* [WORK ITEM] If a record contains a picture, leave the picture out and transcribe everything else exactly.

* [EXERCISE INPUTS]

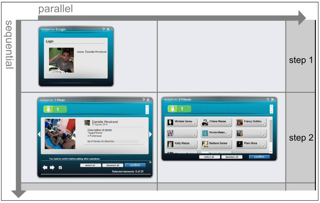 FaceMashup represents explicitly such ordering positioning the widgets inside the environment. It represents a sequential relationship between a widget A and B positioning B below A in the vertical axis. Instead, if the user may provide the information needed by both widgets at the same time (theoretically) or in any order (more practically), the widgets are represented in the same position in the vertical axis, aligned horizontally. This creates a grid of widgets, where rows represent sequential steps and column parallel operations.
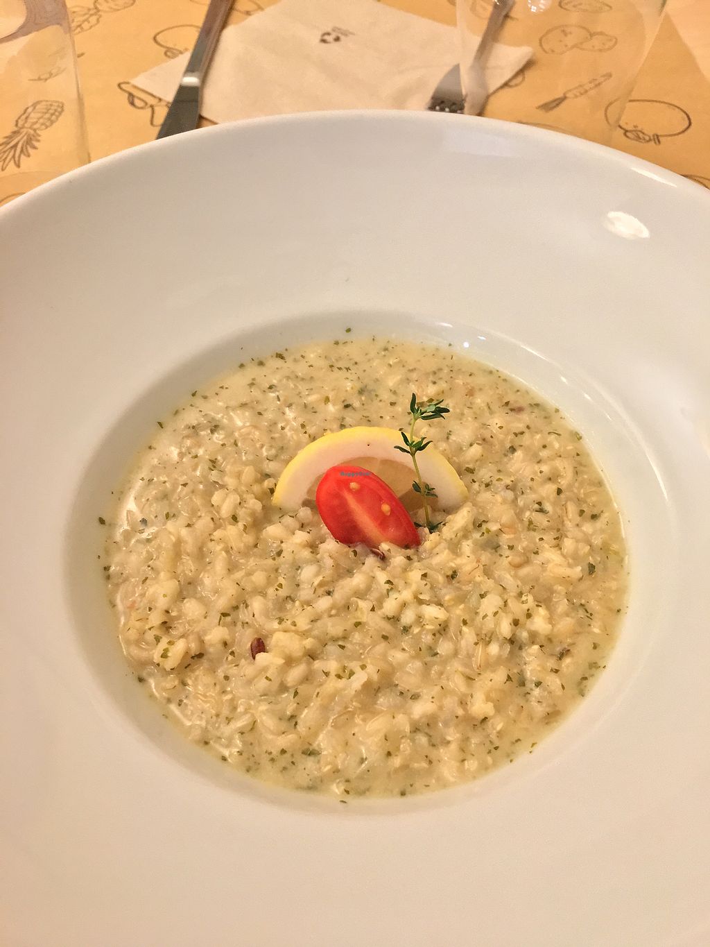 I had a tasty fresh juice, a wonderful vegan gluten free risotto, and then was overwhelmed by the vegan gluten free tiramisu - a desert I hadn't been able to enjoy for years... I must have asked 3 times if the cookie in the tiramisu is really gluten free, and the very friendly owner explained patiently with the help of an english cellphone dictionary that the flour is especially made for the restaurant.
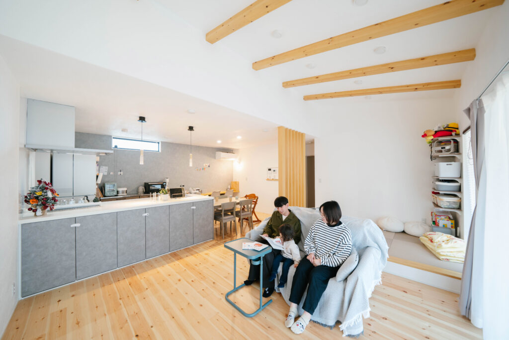 住まいの中心となるLDKは、床や柱の木のぬくもりに癒やされながらも、キッチンに採用したスタイリッシュなグレーカラーが空間の印象を引き締めます。また、リビングに取り入れた畳コーナーは、柱によって空間の独立感を持たせつつ、開放感はそのまま保たれています。
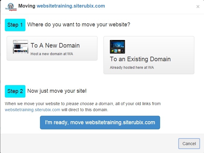 - Click on "I'm ready, move myexistingsite.siterubix.com"
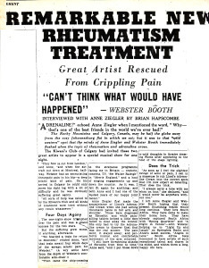 In late 1957 they were featured in an advert for Lloyd’s Adrenaline cream in South Africa. According to the advertisement, this cream had given Webster relief to excruciating sciatic pain he had suffered on their fleeting visit to Calgary to appear in Merrie England. Apparently Anne used the cream whenever she had an attack of fibrositis.
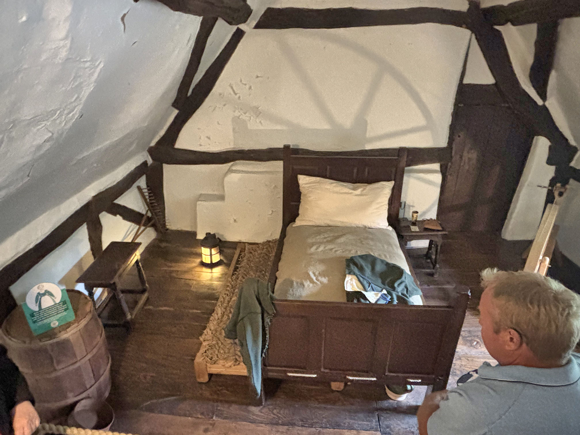 Back we went to Stratford, where, on the outskirts of town we arrived at Anne Hathaway’s cottage. For as much as people love this family, there isn’t much known of them. Records were slim then, and no one at the time knew that in 2025 we would still be fascinated with all things Willie. Rumors have spun about the bad marriage between Will and his wife Anne, based on speculation using incomplete data. The playwright spent a lot of time working in London, and left his wife and children behind, which made him seem like he was neglectful and maybe didn’t even want to be home. Furthermore, in his will, he specifically left his “second best bed” to his wife, which seemed like a hurtful slight to some.
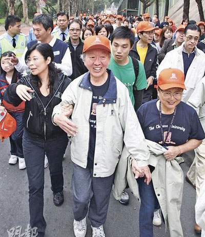 中大14日舉行“與高錕教授同行”籌款日,開步禮除了有高錕伉儷為主角外,中大多名重量級人士,包括校董會主席鄭海泉、兩位前任校長馬臨及金耀基也有參加,現(xiàn)任校長劉遵義也與新婚太太麥嘉軒十指緊扣一同步行。
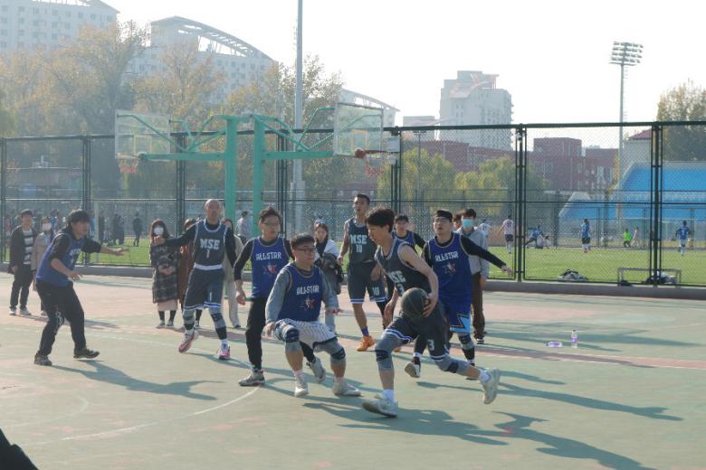 下半场一开始,博士高年级联队立刻调整了战术安排,通过队员默契的配合和精确的传球寻找机会。而反观研一联队则继续上半场稳扎稳打的战术策略,立足防守,靠抢断后反击的觅得多次良机。双方都多次贡献了精彩的三分球,引得场外观众连连叫好,临近比赛结束时两边比分仍然没有拉开差距。
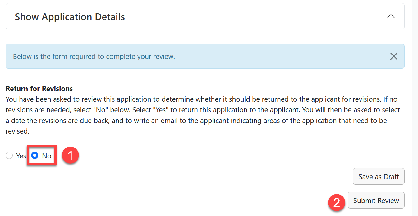 If you have been assigned as a reviewer for an application, you may have the option of returning it back to the applicant with your feedback so that they can make edits and re-submit.
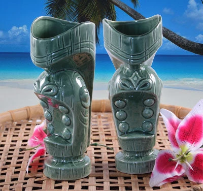 This big Mouthed ceramic Tiki Mug is sure to make a big impact at your next tropical bash. It is artistically molded with an offset style that makes drinking out of this mug not only a pleasure, but an event. The design also offers the user a superb grip on the mug. Try out any frothy concoction and see your guests happy reactions to the fun element of drinking out of the “Mouth” Tiki Mug. Holds 20 ounces and stands 9″ tall.
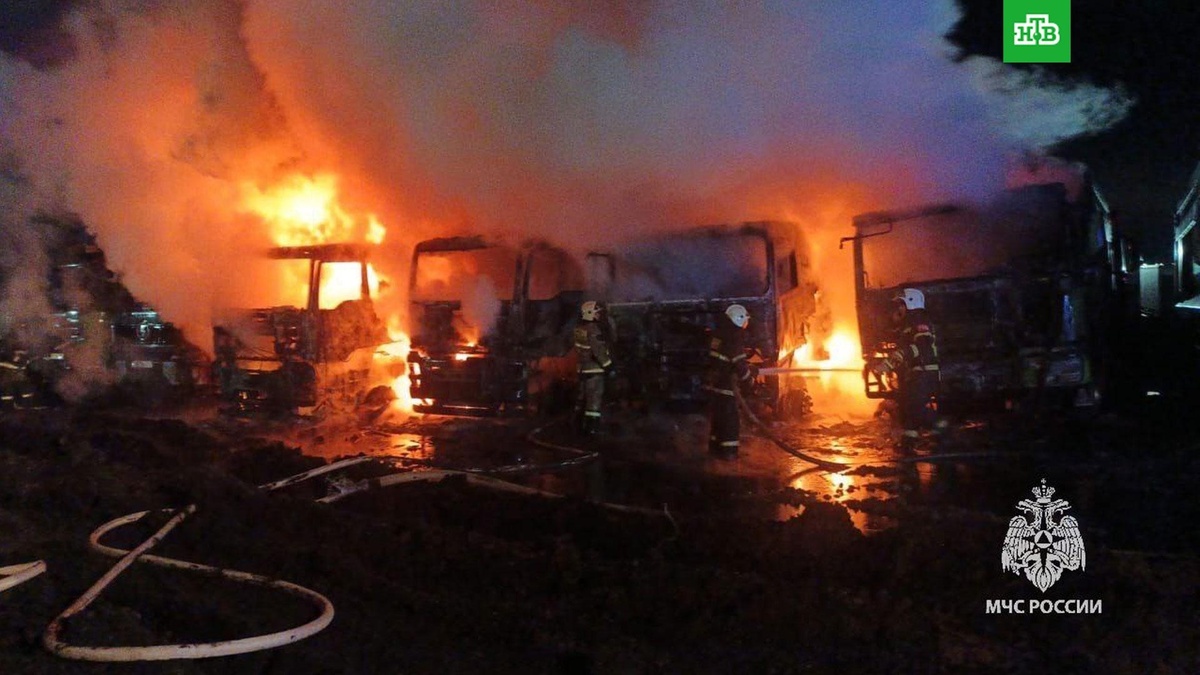 [ Смотреть видео на сайте НТВ ] В Калининском районе города Уфы произошел крупный пожар на автостоянке. Крупный пожар произошел в селе Федоровка в Калининском районе Уфы. Сгорели шесть грузовых автомобилей Shacman. Как сообщили в МЧС, грузовики стояли вплотную друг к другу и пламя быстро распространялось с одной машины на другую. Пострадавших нет. К тушению пожара привлекли 11 человек и 4 единицы техники. Причины возгорания установят специалисты. На месте происшествия работают эксперты и дознаватели МЧС. По материалам: МЧС. [ Смотреть видео на сайте НТВ ]
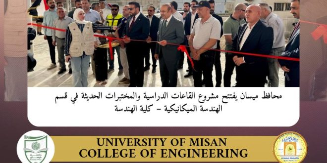 افتتح السيد محافظ ميسان الأستاذ حبيب ظاهر الفرطوسي بحضور السيد عميد كلية الهندسة الاستاذ الدكتور عباس عودة داود، مشروع إنشاء قاعات ومختبرات قسم الهندسة الميكانيكية – كلية الهندسة، وذلك ضمن تخصيصات محافظة ميسان والتي تعكس خطط المحافظة بدعم وتطوير قطاع التعليم العالي وتعزيز البنى التحتية الجامعية. وشهد حفل الافتتاح حضور …

* [RESULT OF THE EXERCISE]
 FaceMashup represents explicitly such ordering positioning the widgets inside the environment. It represents a sequential relationship between a widget A and B positioning B below A in the vertical axis. Instead, if the user may provide the information needed by both widgets at the same time (theoretically) or in any order (more practically), the widgets are represented in the same position in the vertical axis, aligned horizontally. This creates a grid of widgets, where rows represent sequential steps and column parallel operations.
 I had a tasty fresh juice, a wonderful vegan gluten free risotto, and then was overwhelmed by the vegan gluten free tiramisu - a desert I hadn't been able to enjoy for years... I must have asked 3 times if the cookie in the tiramisu is really gluten free, and the very friendly owner explained patiently with the help of an english cellphone dictionary that the flour is especially made for the restaurant.
 住まいの中心となるLDKは、床や柱の木のぬくもりに癒やされながらも、キッチンに採用したスタイリッシュなグレーカラーが空間の印象を引き締めます。また、リビングに取り入れた畳コーナーは、柱によって空間の独立感を持たせつつ、開放感はそのまま保たれています。
 - Click on "I'm ready, move myexistingsite.siterubix.com"
 In late 1957 they were featured in an advert for Lloyd’s Adrenaline cream in South Africa. According to the advertisement, this cream had given Webster relief to excruciating sciatic pain he had suffered on their fleeting visit to Calgary to appear in Merrie England. Apparently Anne used the cream whenever she had an attack of fibrositis.
 Back we went to Stratford, where, on the outskirts of town we arrived at Anne Hathaway’s cottage. For as much as people love this family, there isn’t much known of them. Records were slim then, and no one at the time knew that in 2025 we would still be fascinated with all things Willie. Rumors have spun about the bad marriage between Will and his wife Anne, based on speculation using incomplete data. The playwright spent a lot of time working in London, and left his wife and children behind, which made him seem like he was neglectful and maybe didn’t even want to be home. Furthermore, in his will, he specifically left his “second best bed” to his wife, which seemed like a hurtful slight to some.
 中大14日舉行“與高錕教授同行”籌款日,開步禮除了有高錕伉儷為主角外,中大多名重量級人士,包括校董會主席鄭海泉、兩位前任校長馬臨及金耀基也有參加,現(xiàn)任校長劉遵義也與新婚太太麥嘉軒十指緊扣一同步行。
 下半场一开始,博士高年级联队立刻调整了战术安排,通过队员默契的配合和精确的传球寻找机会。而反观研一联队则继续上半场稳扎稳打的战术策略,立足防守,靠抢断后反击的觅得多次良机。双方都多次贡献了精彩的三分球,引得场外观众连连叫好,临近比赛结束时两边比分仍然没有拉开差距。
 If you have been assigned as a reviewer for an application, you may have the option of returning it back to the applicant with your feedback so that they can make edits and re-submit.
 This big Mouthed ceramic Tiki Mug is sure to make a big impact at your next tropical bash. It is artistically molded with an offset style that makes drinking out of this mug not only a pleasure, but an event. The design also offers the user a superb grip on the mug. Try out any frothy concoction and see your guests happy reactions to the fun element of drinking out of the “Mouth” Tiki Mug. Holds 20 ounces and stands 9″ tall.
 [ Смотреть видео на сайте НТВ ] В Калининском районе города Уфы произошел крупный пожар на автостоянке. Крупный пожар произошел в селе Федоровка в Калининском районе Уфы. Сгорели шесть грузовых автомобилей Shacman. Как сообщили в МЧС, грузовики стояли вплотную друг к другу и пламя быстро распространялось с одной машины на другую. Пострадавших нет. К тушению пожара привлекли 11 человек и 4 единицы техники. Причины возгорания установят специалисты. На месте происшествия работают эксперты и дознаватели МЧС. По материалам: МЧС. [ Смотреть видео на сайте НТВ ]
 افتتح السيد محافظ ميسان الأستاذ حبيب ظاهر الفرطوسي بحضور السيد عميد كلية الهندسة الاستاذ الدكتور عباس عودة داود، مشروع إنشاء قاعات ومختبرات قسم الهندسة الميكانيكية – كلية الهندسة، وذلك ضمن تخصيصات محافظة ميسان والتي تعكس خطط المحافظة بدعم وتطوير قطاع التعليم العالي وتعزيز البنى التحتية الجامعية. وشهد حفل الافتتاح حضور …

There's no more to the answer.